Keith Ervin of the Seattle Times said,

After acquiring the rail line (which the Port has now done), the Port would sell the southern portion to King County and other buyers.

According to the news media, King County had planned to use funds from The Conservation Futures Fund to pay for the purchase. All was well and good on Seattle’s eastside.  The rail line might be developed as a trail with the possibility of future rail, if needed.

The Bellevue Reporter stated in a November, 2009 article:

County Executive-elect Dow Constantine said the agreement will fulfill a promise to the region that the Eastside Rail Corridor will receive long-term protection from development and that it will be made available for recreational uses.

“By keeping this key transportation and recreational corridor in public ownership, we are making a major commitment to our shared future in King County,” Constantine said.

However, a King County official recently said the County Conservation Futures funds slated to purchase the line can only be used for dedicated green space, not if there’s the possibility of a future rail line.

Herein, lies the dilemma.  The line must be rail banked to meet federal requirements.  So the Conservation Futures Fund might not be the source of funds to buy the rail line.

Conservation Futures Tax (CFT) levy funds are collected from property taxes levied throughout King County and its cities for the purchase and permanent protection of open space lands.

Is there a private group working very hard to put a commuter line on the rail line?

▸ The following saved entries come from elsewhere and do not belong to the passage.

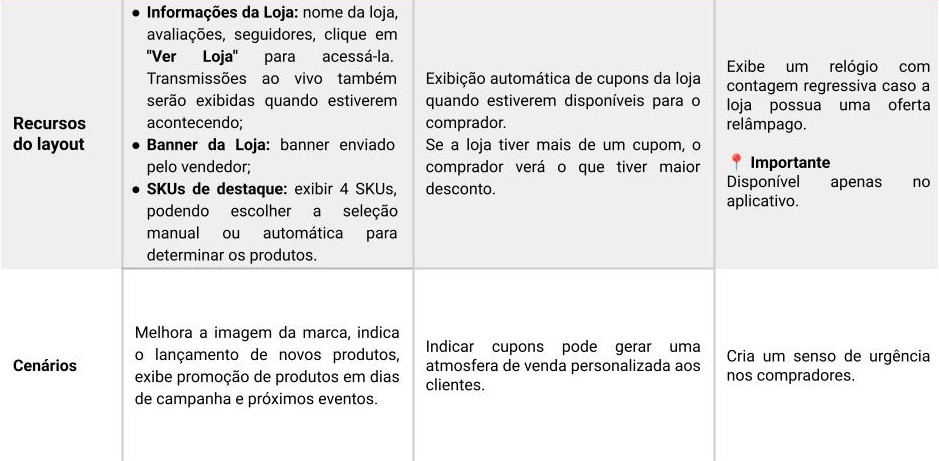 Os Anúncios de Busca de Marca são um recurso eficaz para impulsionar o desempenho ao colocar sua loja e seus produtos no topo dos resultados de busca quando compradores estão pesquisando palavras-chave da sua marca. A ferramenta aprimora a imagem da marca por meio de informações essenciais, como nome da loja, banner, principais produtos. Além disso, chamam a atenção do usuário ao adaptar os elementos do modelo para exibição de cupons ou ofertas relâmpago.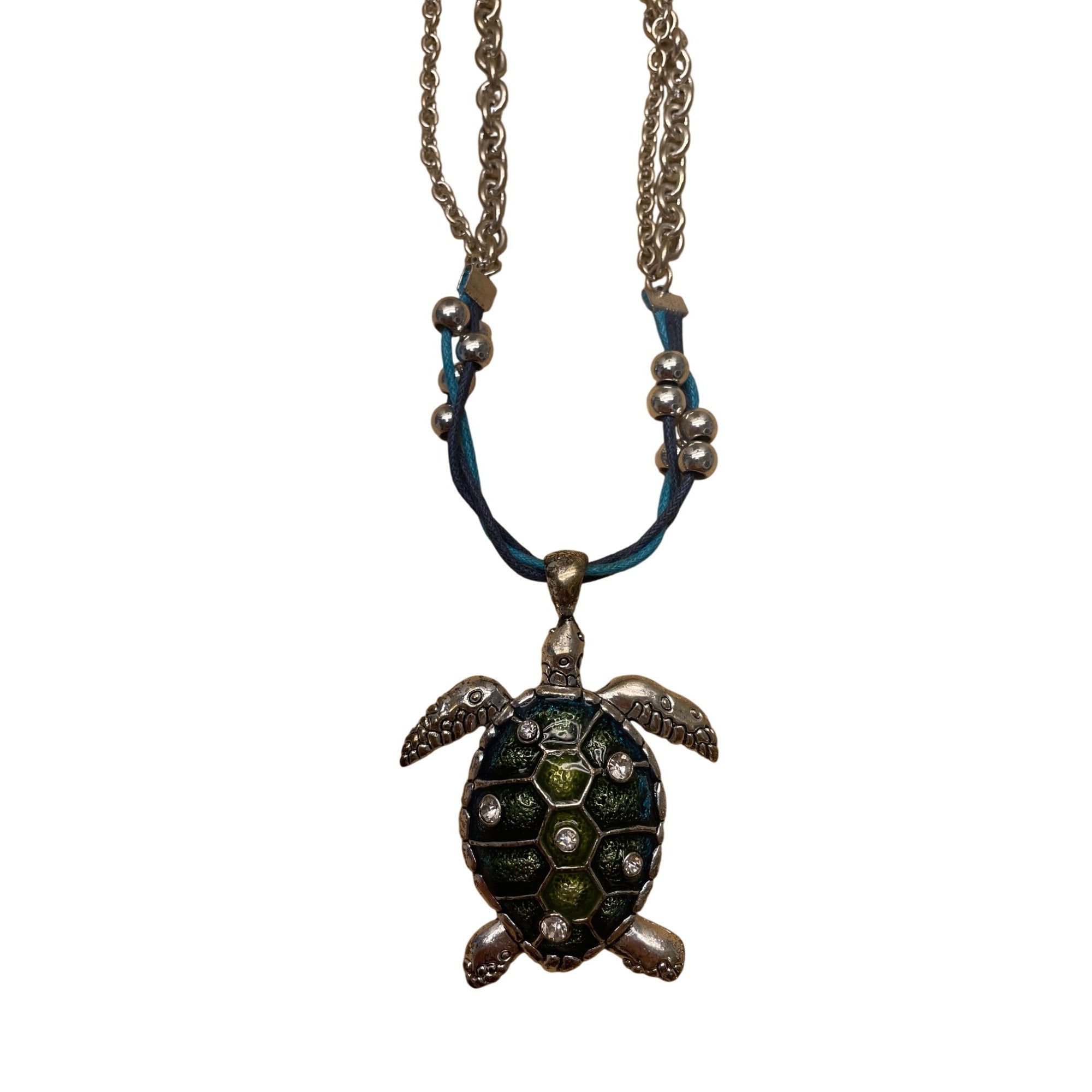 Silver & Blue Turtle Pendant Necklace With Chain & Beaded Details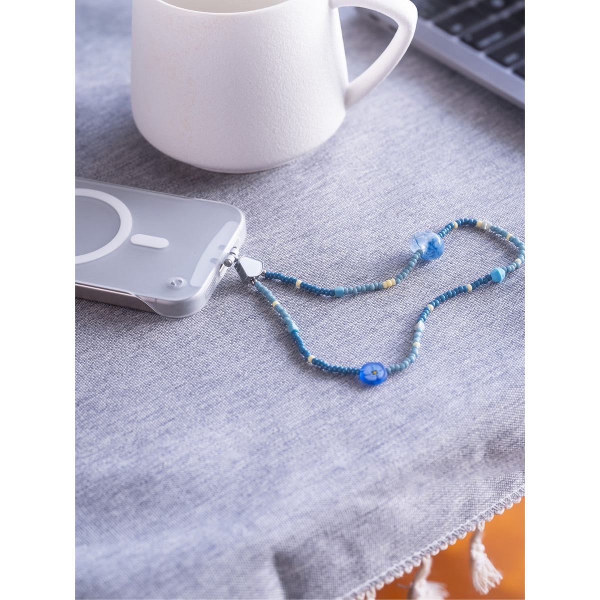 Handmade with Japanese Miyuki beads and high-grade American bead thread (supports up to 5kg). Stainless steel buckle attachment. Compatible with cases with charging hole.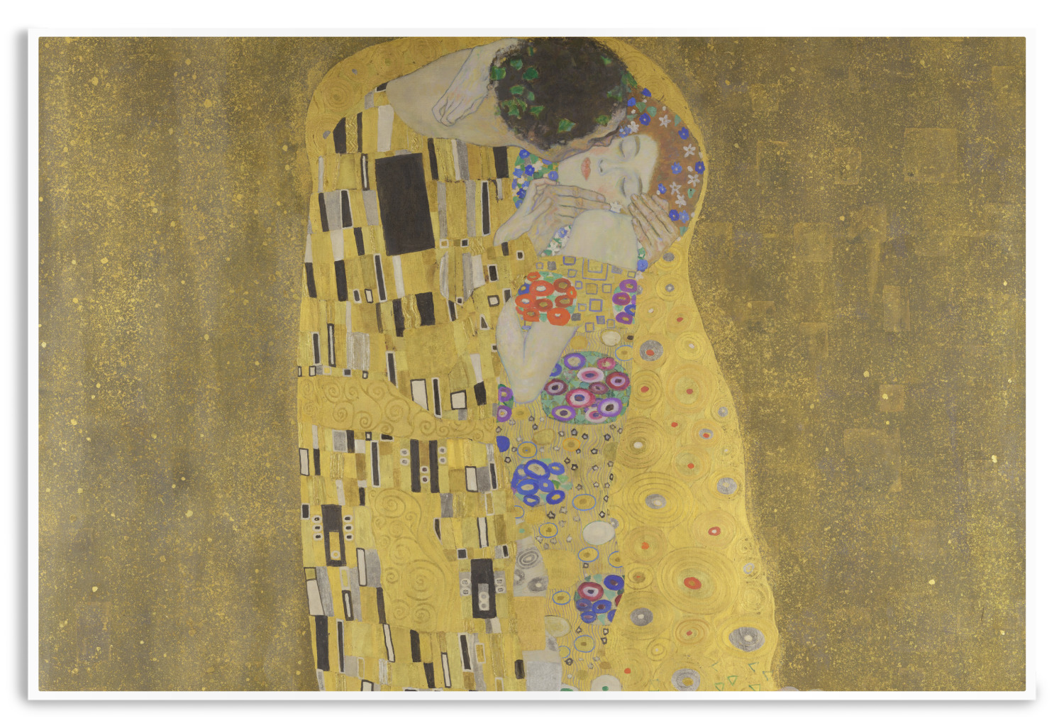 The Kiss (Lovers) was painted by the Austrian Symbolist painter Gustav Klimt between 1907 and 1908, the high-point of his "Golden Period", when he painted a number of works in a similar gilded style. A perfect square, the canvas depicts a couple embracing, their bodies entwined in elaborate robes decorated in a style influenced by both linear constructs of the contemporary Art Nouveau style and the organic forms of the earlier Arts and Crafts movement. The work is composed of oil paint with applied layers of gold leaf, an aspect that gives it its strikingly modern, yet evocative appearance. It is a symbol of Viennese Art Nouveau and is considered Klimt's most popular work.(source: Wikipedia)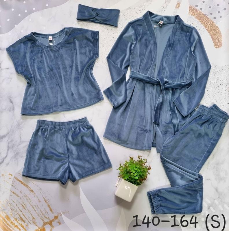 Мега новинка Комплект 5в1 Тканина королівський велюр В комплект входять: -футболка-топ, -шорти -штани під РЕЗИНКУ -халат з поясом -пов'язка ЯКІСТЬ СУПЕР! ПОВНОМІРНІ!!! 140(3 шт)-довжина халата 63,рукав 48,пог 43,довжина футболки 42,пог 43,довжина штанів 86,крок 65,пояс 26,довжина шортів 27,пояс 26 146(2 шт)-довжина халата 69,рукав 50,пог 44,довжина футболки 46,пог 45,довжина штанів 92,крок 70,пояс 27,довжина шортів 28,пояс 27 152(3 шт)-довжина халата 72,рукав 52,пог 48,довжина футболки 47,пог 47,довжина штанів 98,крок 73,пояс 28,довжина шортів 30,пояс 28 158(5 шт)-довжина халата 75,рукав 57,пог 50,довжина футболки 49,пог 48,довжина штанів 102,крок 78,пояс 29,довжина шортів 32,пояс 29 164(4 шт)-довжина халата 77,рукав 60,пог 51,довжина футболки 51,пог 50,довжина штанів 105,крок 82,пояс 30,довжина шортів 33,пояс 30 170(S)-(5 шт)-довжина халата 79,рукав 63,пог 53,довжина футболки 52,пог 53,довжина штанів 107,крок 84,пояс 31,довжина шортів 34,пояс 31 +-2 см
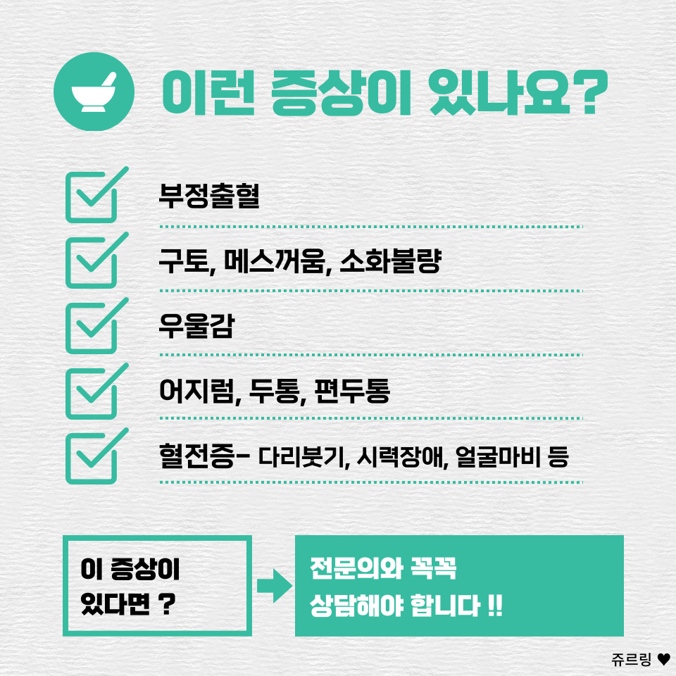 위와 같은 부작용들이 있는데 이 때는 다른 피임법을 병행하거나 꼭 해당 전문의에게 상담해야 해요 !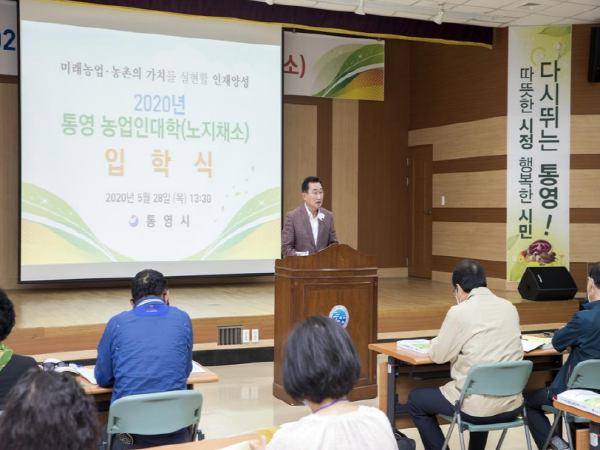 통영 농업인대학 학장(시장 강석주)은“농업에 닥친 위기는 우리 농업인들에게 부단한 전문기술 습득과 함께 창의력과 경쟁력 강화를 요구하고 있다.며 이번 배움의 시간을 통해 농업의 혁신과 경쟁력을 선도해 가는 든든한 전문농업인으로 성장해 주길 기대한다.”고 말했다.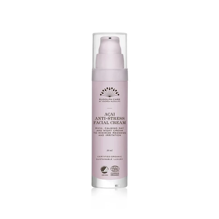 Acai Anti-stress Facial Cream er en rig og beroligende ansigtscreme, som kan bruges som både dag- og natcreme. Det høje indhold af økologiske olier og nærende ingredienser bringer huden i balance og beskytter den mod vind, vejr, forurening, hverdagstravlhed og andre stress-faktorer. Naturlige SOS-hjælpere i form af aloe vera, troldnød og kamille lindrer rødme og irritation, mens økologiske olier og sheasmør plejer huden intensiv, giver ny energi og smuk glød. Det optimale valg, når huden blusser, slår ud, føles tør eller blot har brug for ekstra fugt og pleje.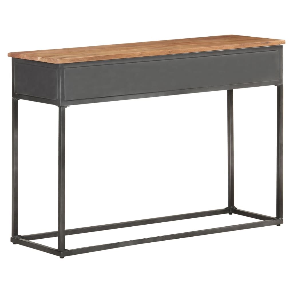 Introduce an air of industrial charm into your home decor with this stylish wooden console table! This hall table is made of solid acacia wood, making it sturdy and stable. The craftsmanship and the beautiful wood grains make every piece of furniture unique and slightly different from the next. The table for under mirror is equipped with ample storage room, so you can display or keep any items you'd like well organised. What's more, the steel base adds to its sturdiness. Important note: The wood grains and colours vary from piece to piece, making each wooden table unique.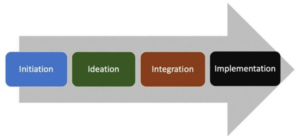 - Implementation (build a business pilot, A/B testing, and, if required, return to the design board).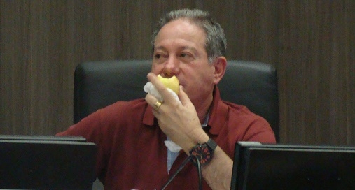 O vereador Eraldo Teodoro inovou na sessão desta segunda-feira. A certa altura da reunião, pegou uma garrafa térmica e encheu um copo com um líquido branco. Disse que era vitamina. Pouco depois das 22h, quando a sessão se encaminhava para o fim, retirou um enorme maçã pra comer. Alegou que a reunião foi muito longa e precisava se alimentar. A sessão terminou às 22h10. Olha aí, podiam incluir no regimento interno um intervalo pra merenda...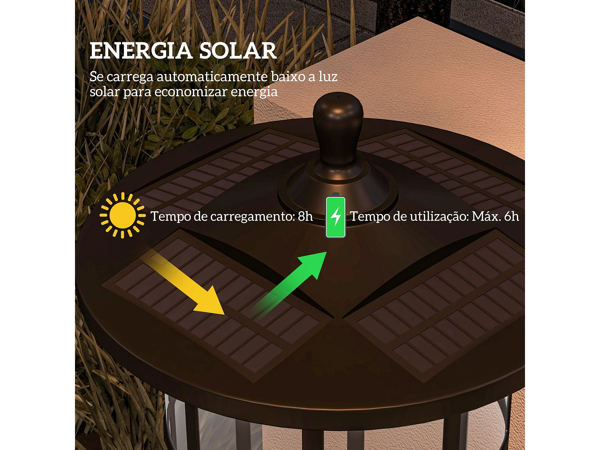 Pack de 2 farolas Alfredo Outsunny carga solar negro 184x23,5 cm

Most people do not realize there’s an active group out there hard at work, hoping to acquire the rights to put a commuter rail line on the existing tracks.  The talk is to put a commuter line on the tracks that currently exist, even though they are in poor repair.

So here are my questions:

  • Will King County close on the deal and buy the rail line?
  • How will this acquisition be funded?
  • Will the line become a trail, with the line rail banked for possible future motorized travel?
  • Will a private concern put Commuter rail, DMU’s, Diesel Motor Units, not light rail on the line?
  • Will the line become a dual use trail/train?
  • Will the proper public process be followed to determine the best use of the line?

How can you find out about the future of the BNSF rail line?

Join the Eastside Trail Advocates at:

The Houghton Fire Station

6602 108th Ave NE, Kirkland

February 10th at 7 PM

Join Eastside Trail Advocates on Facebook to be learn about the latest updates.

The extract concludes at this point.